Enough already! Thank you to the critical incident debriefers who had cautioned after my last disaster that these dysfunctional behaviors could occur in the future. They tell you that these exaggerated responses are a normal reaction in post traumatic stress and emphasize that acknowledgement is half the process. The other half is to resist becoming nonfunctional and force yourself into rational, productive behaviors
-From Neil Schmeidler:
Alan, I was in New York City and was supposed to be in #7 when the attack occurred. I was unable to accompany the study team I was with because the subway was too crowded for me to get on so I was in a cab trying to get to #7. The team I was with all made it out of #7 and back to the hotel unscathed, thank Goodness. As far as I know, no one was seriously injured in #7.
Until Monday evening, the 10th, it had been many years since I was in New York City. Several things struck me on the way to the subway station about an hour before the first airplane struck the Trade Center. One of the thoughts I had as we walked to the subway station is that New Yorkers get a bad rap. I found the people there to be no different from others that I interact with not only in Washington, DC where my office is, but in other parts of the US. I was totally surprised while walking to the subway station at the courtesy shown on the sidewalk. When trying to buy a subway ticket an attendant helped me without being asked, and on the subway platform, although it was crowded and we all were trying to get someplace, there was no shouting or shoving. And of course after the attack, I believe millions (maybe billions) of people were impressed with the behavior of the New York City people.
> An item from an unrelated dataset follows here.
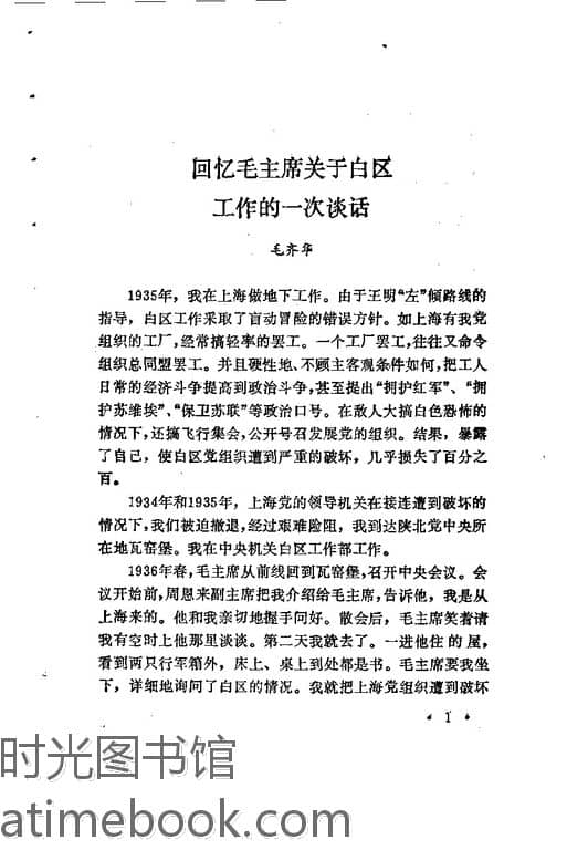 2-回忆毛主席关于白区工作的一次谈话(毛齐华)

Now when I hear someone making a disparaging remark about New York City people, I know its not true.
-From Barb Shutiak:
Thank you for your thoughts. I caught up on the last two newsletters by reading the special Sept 17 edition first. Terrible events. You usually give me reason to smile and to stop and think about what is truly important in life. My little daughter was 7 months old when diagnosed with cancer and is now fine as far as anyone can tell. We still worry. I remember going through all that hell with her and thinking that if we could get out of it intact, I would never take life for granted. However, as life returns to normal (whatever that is, and thank God for it anyway) I went back to my old way of being the kind of person whom you describe as conscientious. Your words help to remind me... Thanks again.